Маринина заботливость дошла в какой-то момент до смешного – она заявила, что не будет больше ходить на охоту. Что, мол, это не так уж важно и она прекрасно обойдется запасами донорской крови, которые хранятся у нее в холодильнике. Я сказал ей, чтобы она не говорила ерунды. Мне не нравится эта ее идея – по целому ряду дурацких причин. Взаимоисключающих причин на самом-то деле. Во-первых, я ничего не могу с собой поделать, но мне все еще не очень приятно, когда она пьет человеческую кровь. Во-вторых, мне жалко ее, когда ей приходится пить кровь из холодильника или разогревать ее. Я знаю, что это невкусно, что Марине нужна горячая кровь, кровь живого существа, кровь, которая только что бежала по венам. В-третьих, она без охоты становится совершенно дерганая – ей некуда девать энергию. Ей нужно уставать, нужно тратить адреналин, иначе она начинает беситься. Это называется «гиперактивность» – ну как у моих племянников, которые, если не устанут как следует за день, перед сном как подорванные носятся по квартире, хохоча и прыгая по диванам, и все заканчивается истерикой.

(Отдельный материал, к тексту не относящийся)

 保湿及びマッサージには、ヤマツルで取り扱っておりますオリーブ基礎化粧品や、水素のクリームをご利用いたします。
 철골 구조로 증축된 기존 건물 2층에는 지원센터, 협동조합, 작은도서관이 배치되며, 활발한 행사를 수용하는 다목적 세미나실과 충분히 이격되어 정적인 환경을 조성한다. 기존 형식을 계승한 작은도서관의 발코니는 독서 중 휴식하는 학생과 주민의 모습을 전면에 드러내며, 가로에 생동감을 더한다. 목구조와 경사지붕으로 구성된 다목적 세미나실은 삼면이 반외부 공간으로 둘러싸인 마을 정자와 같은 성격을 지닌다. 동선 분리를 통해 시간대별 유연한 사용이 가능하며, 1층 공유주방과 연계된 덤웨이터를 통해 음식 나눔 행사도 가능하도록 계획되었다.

Это был один из многих за последнее время случаев, когда мы… ну поругались. Потому что я не мог в двух словах объяснить ей основания для своих возражений. Я НЕ МОГУ открыть рот и сказать ей, что мне не нравится, когда она пьет человеческую кровь – что меня тревожат красные, по-настоящему красные глаза, которые у нее потом бывают. А она никак не могла признаться, что просто-напросто боится оставить меня одного, – конечно, мне ведь «ничего не грозит».

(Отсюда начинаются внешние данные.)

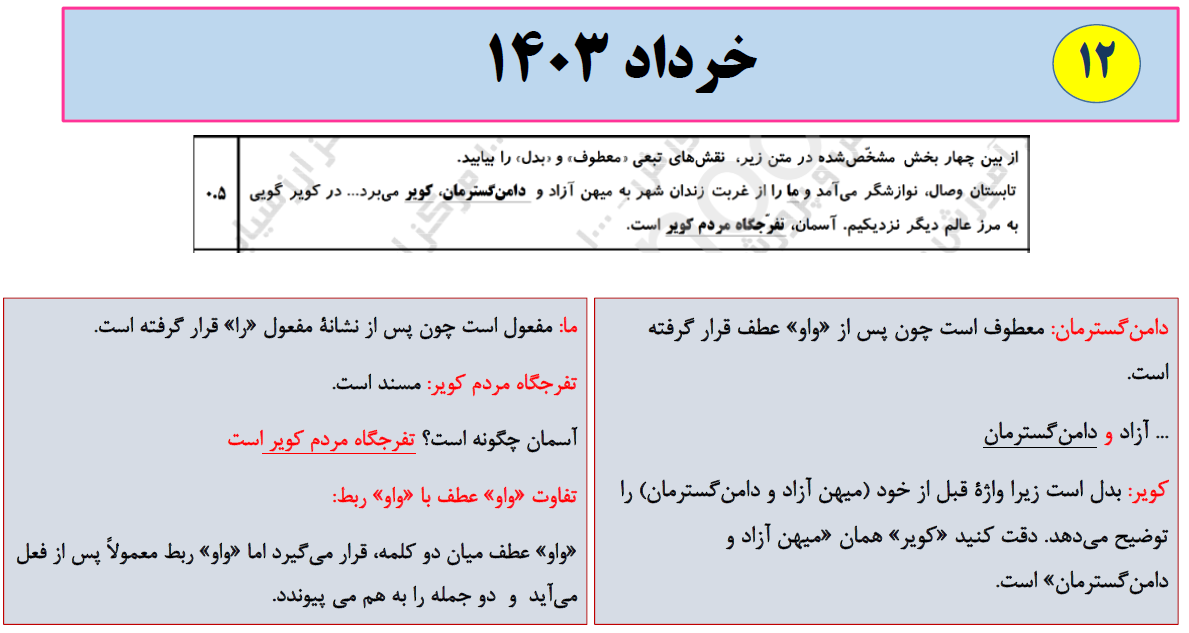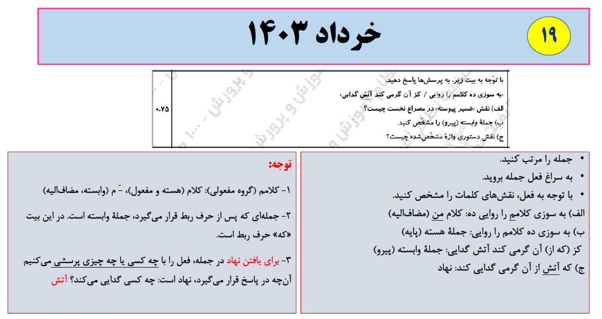 نکات مبحث دستور - فارسی 3- امتحان نهایی خرداد 1403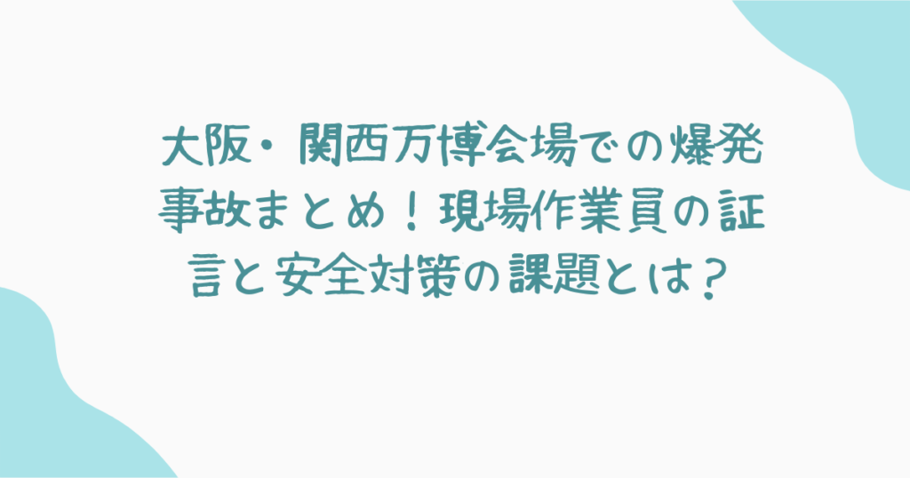 2024年3月、大阪市の関西万博会場で発生した爆発事故が、大きな波紋を呼んでいます。現場近くにいた男性作業員の証言により、当時の状況や爆発の原因が明らかになりました。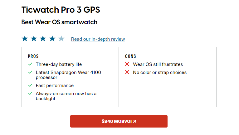 Why we picked the Mobvoi TicWatch Pro 3: The best smartwatch you can buy with Google’s Wear OS software at the moment is the [Mobvoi TicWatch Pro 3. It uses Qualcomm’s Snapdragon Wear 4100 processor, which is more powerful and more power-efficient than the Snapdragon Wear 3100 found in other Wear OS smartwatches. By getting the latest tech, your smartwatch will last you longer.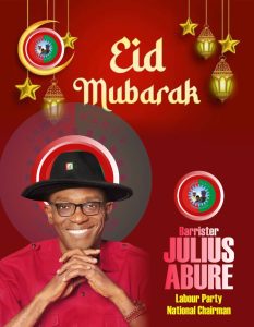 The National Chairman of the Labour Party, Bar Julius Abure wishes all Muslim brothers and sisters a joyous sallar celebrations.
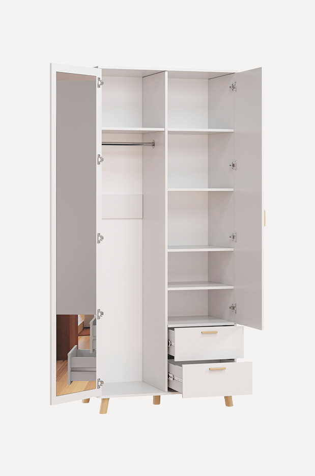 Распашной шкаф – классическое решение для хранения одежды и личных вещей. Надежность и простота конструкции гарантируют долгий срок службы, а грамотное внутреннее наполнение – вместительность и легкий доступ к содержимому. Современный дизайн корпуса и фасадов позволят легко разместить модель в интерьере любой комнаты: гостиной, спальни, прихожей и даже офиса.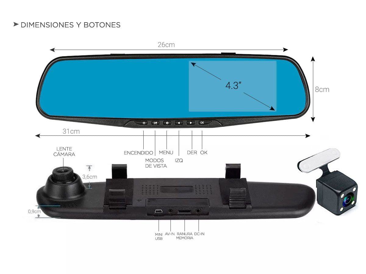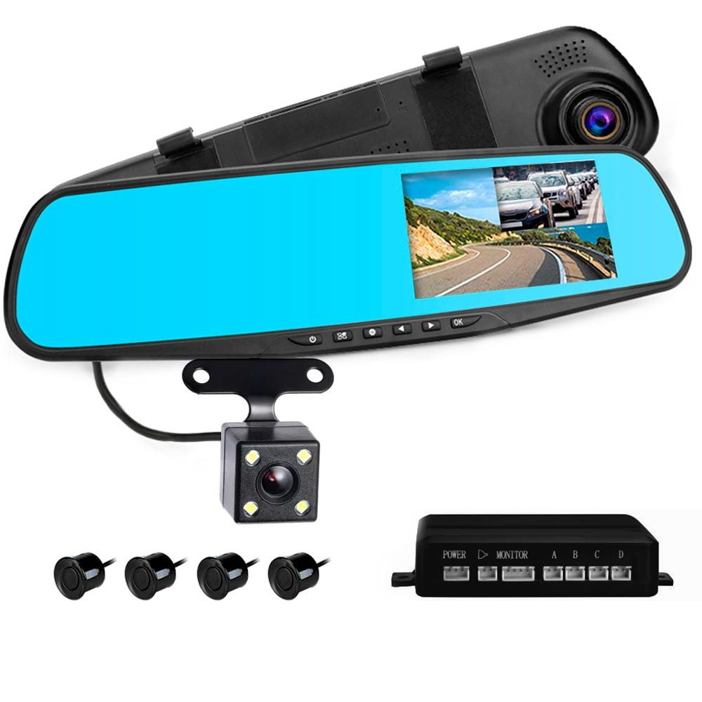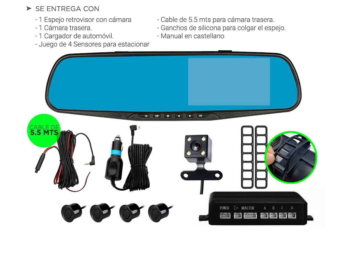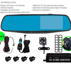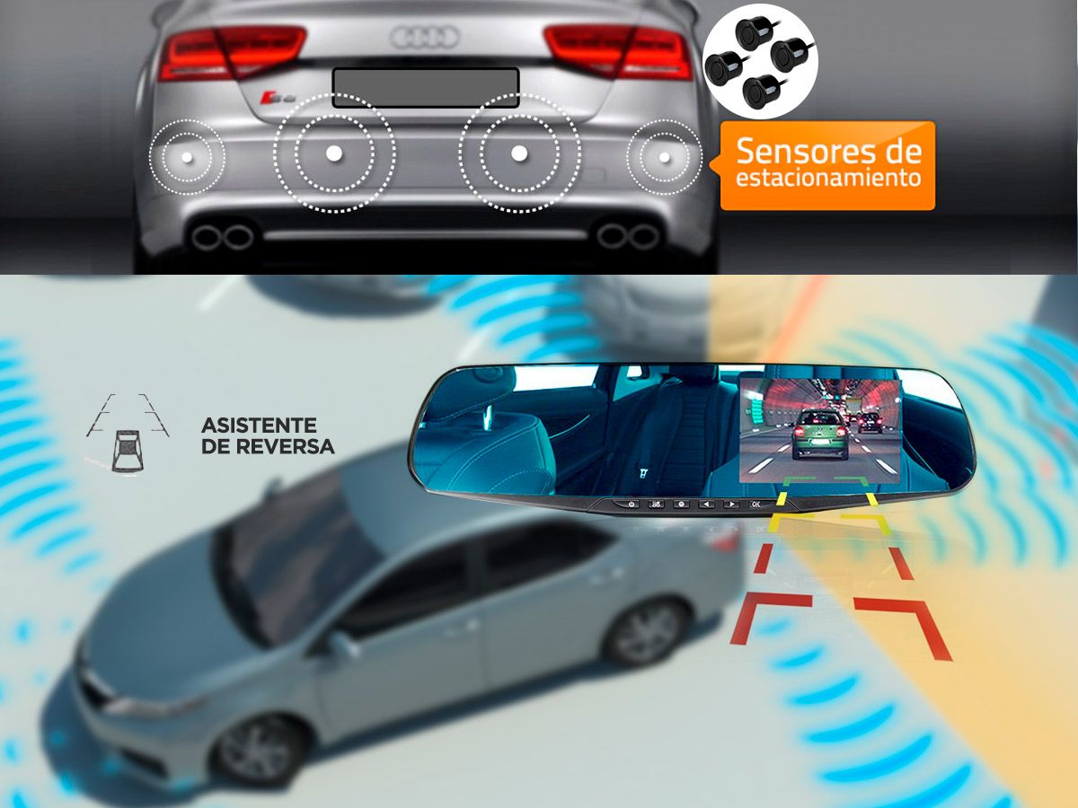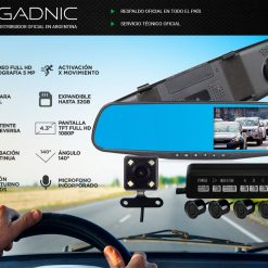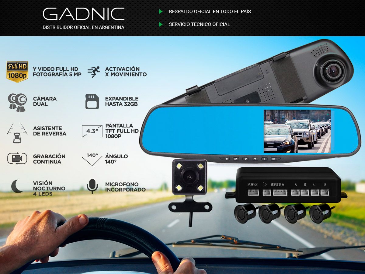 El Kit Espejo retrovisor Gadnic con pantalla táctil de 4,3 pulgadas, equipada con un lente de 140 grados de angulo amplio ademas de visión nocturna, resolución de foto y vídeo FULL HD 1080P, incluye cámara de reversa que incorpora asistente de estacionamiento. Permite grabar todo lo que sucede mientras manejás el vehículo, en caso de accidente o cualquier hecho que ocurra, la cámara lo capta todo. Ademas incluye juego de sensores de 4 puntos con buzzer (audibles) que detecta obstáculos y avisa con sonido la cercanía de los mismos.

Мы порычали друг на друга, стоя возле безупречно белого холодильника на ее безупречно белой кухне, но пришли все-таки к компромиссу. Она ходит на охоту – очень редко и ненадолго, а я в это время терплю тень Сережи Холодова под своим окном. Кроме того, чтобы потратить часть энергии, она ходит со мной в спортклуб, изнуряя себя беговой дорожкой. Ей это, конечно, никакая не нагрузка – наоборот, ей нужно все время сдерживаться, чтобы не выдать ненароком своей настоящей силы и скорости. Но я зато стал заниматься, по-моему, больше, чем надо, – эдак скоро превращусь в Шварценеггера… Но нет, не превращусь, – скорее подохну от усталости. И не надо будет дожидаться, пока меня кто-нибудь загрызет. И все проблемы решатся сами собой.
Мне кажется, что в последнее время я стал ее несколько… раздражать.

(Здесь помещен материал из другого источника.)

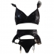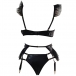 Sexy Ruffled Spliced Artificial Leather PU Three-piece Lingerie Set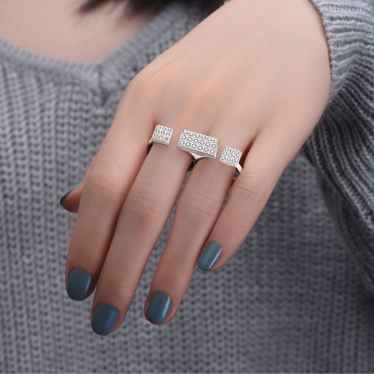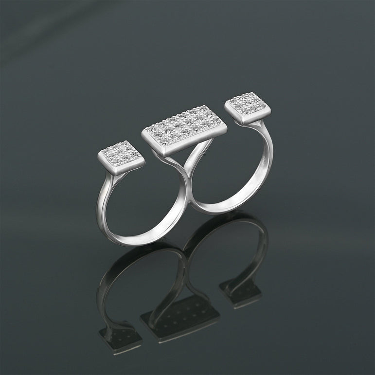 EXQUISITE CRAFTSMANSHIP: Made with 925 sterling silver by our esteemed artisans, this two finger ring features an open top ring band with three square and rectangular paved cubic zirconia bars spanning across two fingers. This sterling silver adjustable ring is available in US ring sizes 6 to 9.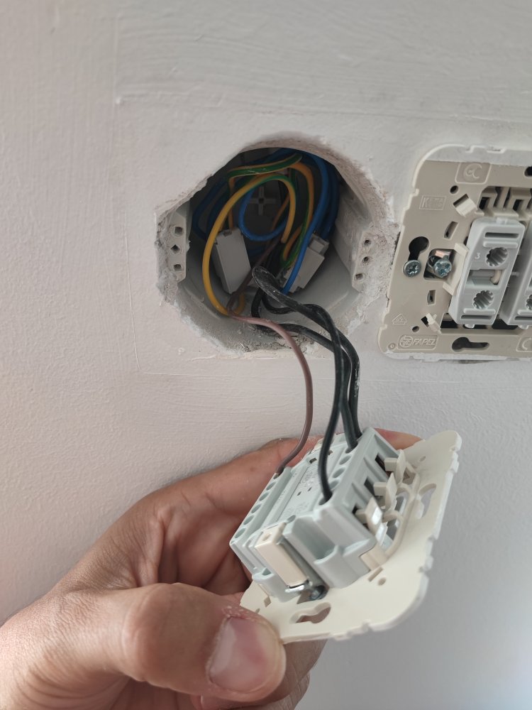 Estou a tentar instalar um "Sonoff Mini" dentro de cada caixa de interruptor das minhas persianas elétricas. Para quem não sabe é um aparelho que permite controlar dispositivos elétricos através da internet (com o Assistente Google ou Alexa, por exemplo). Como podem ver, mas imagens está bem explícito quais fios vão para quais buracos mas o problema é que eu não sei identificar os fios... Até porque as cores dos fios que vejo na minha parede são diferentes das que estão na imagem!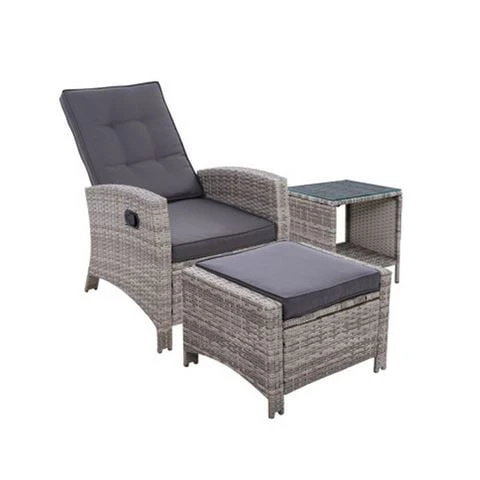 Now you can really sit back and chill in the outdoors with the Gardeon Outdoor Wicker Recliner Set. Comprising an oversized recliner and matching ottoman , the outdoor ensemble is everything you need for relaxation in elegant wicker style. The set is made of UV-resistant and weatherproof PE wicker so that you never have to worry about rust, corrosion or weathering issues.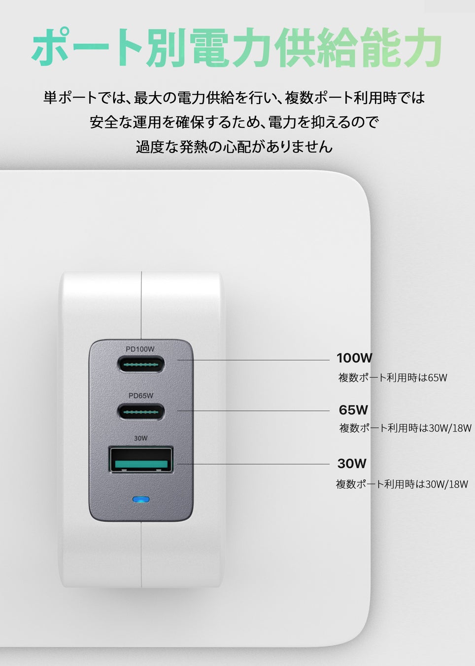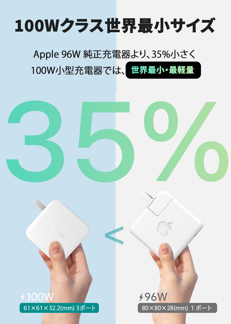 100Wのパワフルな出力なのに、手に収まるサイズまで小さくなりました。96WのApple 純正電源アダプターよりも約35%小さく、また、重量も約35%軽くなりました。(※2022/2/22 時点 自社調べ) 2ポート利用時でもノートPCを含む2台の機器を同時に急速充電が可能です。最大95Wの高出力と高い安全性の両立しつつも、嬉しいコンパクト設計を実現しました。

Нет, конечно, она все еще любит меня – иначе не стала бы, наверное, так париться из-за моей безопасности. Но, по-моему, она больше не закрывает глаза на мои человеческие слабости. На то, что я не всегда могу ей соответствовать. Быть «на уровне». Как уже было сказано, я всего лишь человек. Есть вещи, на которые у меня недостает сил, и вещи, которые я не могу делать, потому что у меня иная природа. Иное устройство мозга. И я не знаю, что хуже – моя физическая слабость или разница в наших головах.